Ev sağlık
Kategori:

sağlık

Reklam

Yüksek tansiyon durumunda alkol, sigara, aşırı tansiyon düşürücü ilaç kullanımı ve kendi durumunu görmezden gelmek kesinlikle yasaktır, dedi terapist Tatiana Romanenko. Ona göre, hipertansiyonu olan insanlar zaman kaybetmemeli ve tansiyonun kendiliğinden düşeceğini ummamalıdır, diye bildirdi “Moskva 24”.

Arteriyel hipertansiyon hastaları kesinlikle zaman kaybetmemelidir. Tansiyon yükseldiğinde, doktorun reçete ettiği ilaçları alarak düşürmeye çalışmalıdırlar, diye uyardı doktor. Romanenko, ilaç dozunu kendi başına artırmaktan kaçınılması gerektiği konusunda da uyardı.

Tansiyon, izin verilen değerlerin altına düşebilir ve hipotansiyon da en az hipertansiyon kadar tehlikelidir, diye vurguladı uzman.

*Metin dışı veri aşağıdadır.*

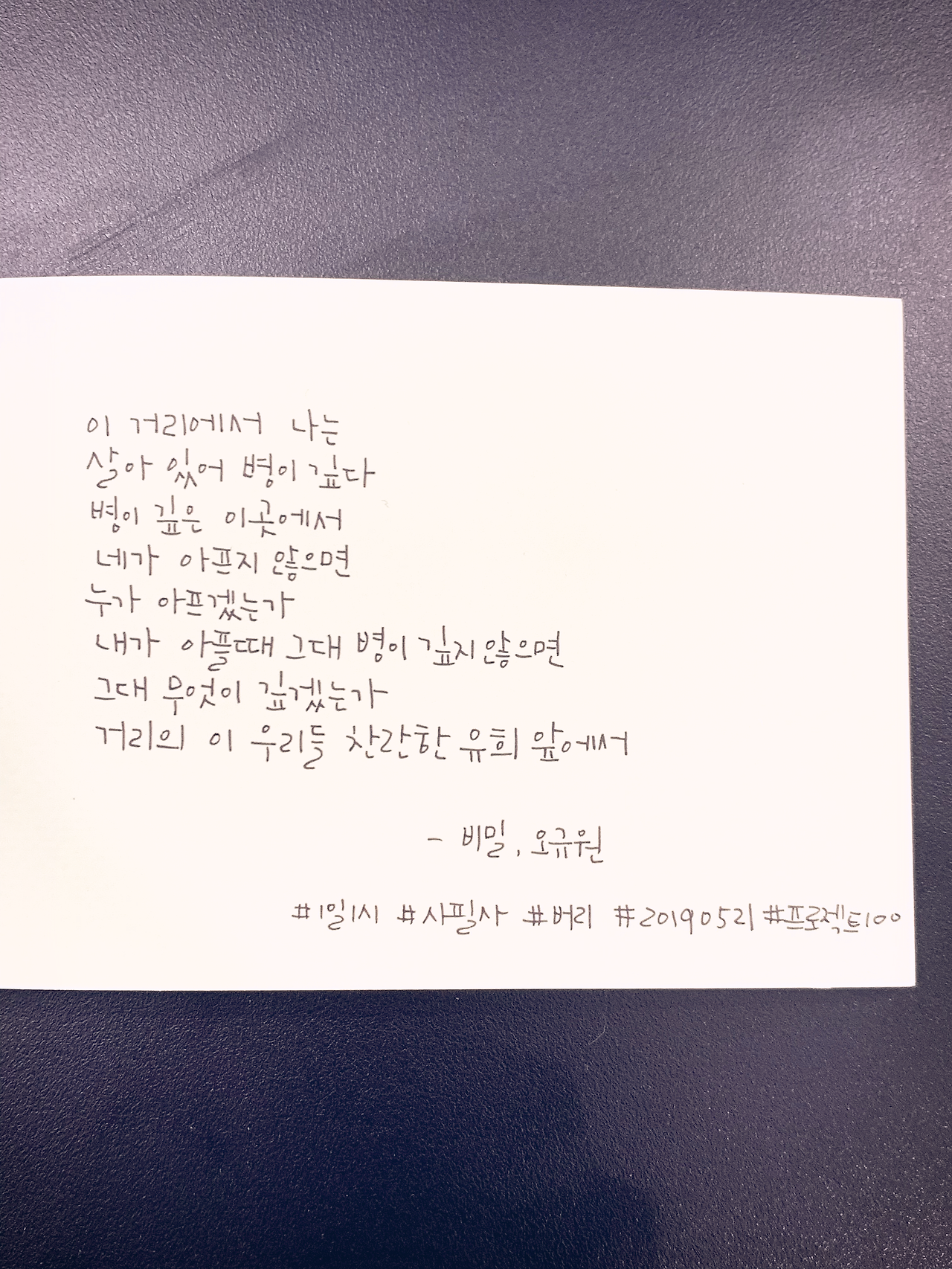 이 거리에서 나는살아 있어 병이 깊다병이 깊은 이곳에서네가 아프지 않으면 누가 아프겠는가내가 아플 때 그대 병이 깊지 않으면그대 무엇이 깊겠는가거리의 이 우리들 찬란한 유희 앞에서

Tansiyon düşürülmezse, kan dolaşımında akut bir bozulma meydana gelebilir, bu da gelecekte sadece yaşam kalitesini değil, aynı zamanda sakatlık veya hatta ölümle sonuçlanabilir, diye ekledi terapist. Reçete edilen ilaçların alınmasından sonra tansiyon düşmezse, derhal acil doktor çağrılmalıdır.

Daha önce, Ulusal Diyetisyenler ve Beslenme Uzmanları Derneği üyesi Natalia Kruglova, potasyum açısından zengin gıdaların tansiyonu düşürebileceğini açıklamıştı. Hipertansiyonun önlenmesi için, sebzeler, meyveler, meyve taneleri ve yeşil yapraklı sebzelerin beslenme düzenine dahil edilmesini tavsiye etti.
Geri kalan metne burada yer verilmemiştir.